How to get started with onboarding data via ETL pipelines
- The first step in onboarding data using the automated ETL workflow is to connect Anzo to data sources. See Adding Data Sources.
- Then see Ingesting Data Sources via ETL Pipelines for next steps.
Automated Direct Data Load Workflow
If Spark is not installed or you do not want to use the ETL pipeline workflow, you can use another automated workflow that follows an extract, load, and transform (ELT) process. In the ELT workflow, data sources are onboarded directly to graphmarts. Data layers with SPARQL queries are automatically generated to transform and blend the data to an analytics-ready knowledge graph. The AnzoGraph Graph Data Interface (GDI) Java plugin (sometimes called the Data Toolkit) is used to connect to the sources, create a model, and generate the data layer queries. The automated direct data load workflow supports all of the data sources that the automated ETL ingestion process supports.
How to get started with the direct data load workflow
- The first step in onboarding data using the automated direct data load workflow is to connect Anzo to data sources. See Adding Data Sources.
- Then see Directly Loading Data Sources via Graphmarts for next steps.

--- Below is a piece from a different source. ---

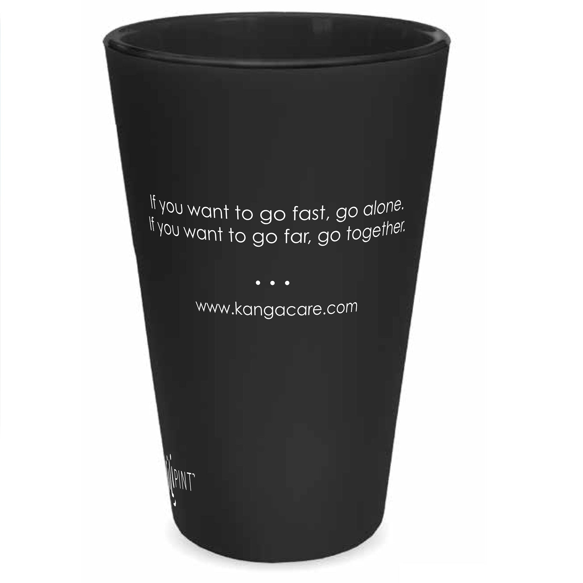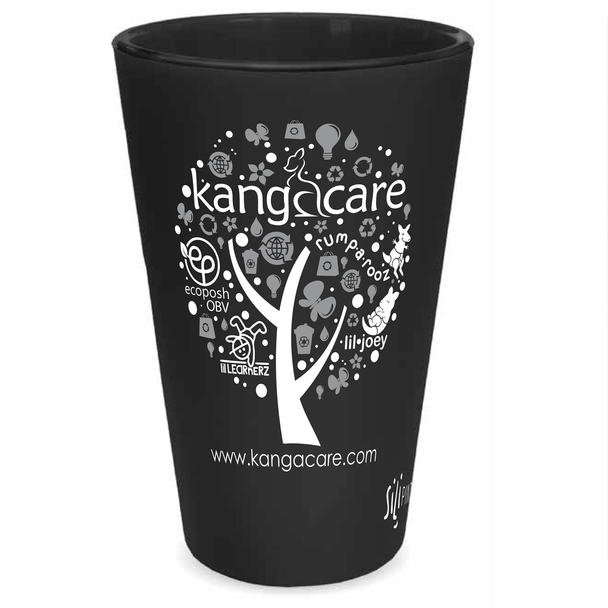 Black Kanga Care 16oz. SiliPint glass. Cloth diaper love, right on your drinking glass! From the house to the school pick up line, beach vacation or family getaway, these colorful, versatile drinking glasses are as flexible in shape as they are in utility.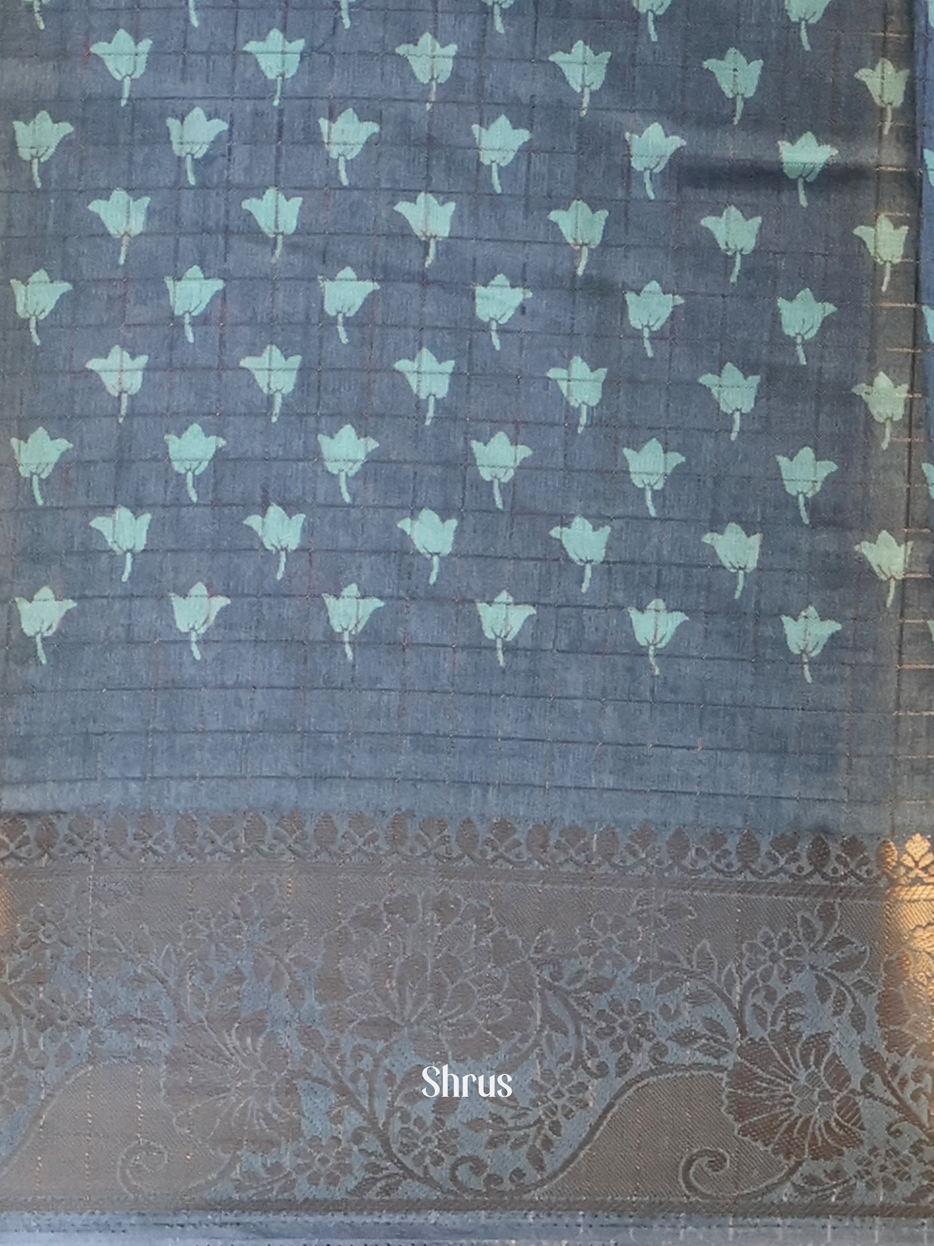 Elegant Grey Semi Crepe Saree is adorned with a stunning floral print , zari checks and accented with a self zari border, adding a touch of elegance. The saree comes with a matching self-printed blouse featuring a zari border, perfectly complementing the overall look.

Manual Ingestion with the Graph Data Interface
For advanced users who are familiar with SPARQL, the GDI can also be invoked by writing queries from scratch. The GDI is extremely flexible, allowing you to connect directly to sources in queries and control all aspects of the extract, load, and transform process. In addition to the data sources that the two automated workflows support, you can also onboard raw data and data from HTTP/REST endpoints with manually written GDI queries.
How to get started onboarding data manually with GDI queries
To get started writing GDI queries for manual data onboarding, see Onboarding or Virtualizing Data with the Graph Data Interface.
For instructions on importing files that are in RDF format (Turtle or N-Triple), see Creating a Dataset from RDF Files.